ACTIVITY — Lines below starting with the line with "Pré-Mirim: campeão do" and going on through the line with "Há estudos para" must be output exactly; the rest of the records must be left out.

AVAILABLE DATA —
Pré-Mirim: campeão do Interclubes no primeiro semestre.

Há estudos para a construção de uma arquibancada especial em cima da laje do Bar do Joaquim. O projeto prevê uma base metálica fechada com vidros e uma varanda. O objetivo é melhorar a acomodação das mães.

---

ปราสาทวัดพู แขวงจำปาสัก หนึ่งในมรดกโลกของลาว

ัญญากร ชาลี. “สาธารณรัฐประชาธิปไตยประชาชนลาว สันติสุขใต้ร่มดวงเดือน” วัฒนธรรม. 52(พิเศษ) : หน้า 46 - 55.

OUTPUT FOR THIS TASK —
Pré-Mirim: campeão do Interclubes no primeiro semestre.

Há estudos para a construção de uma arquibancada especial em cima da laje do Bar do Joaquim. O projeto prevê uma base metálica fechada com vidros e uma varanda. O objetivo é melhorar a acomodação das mães.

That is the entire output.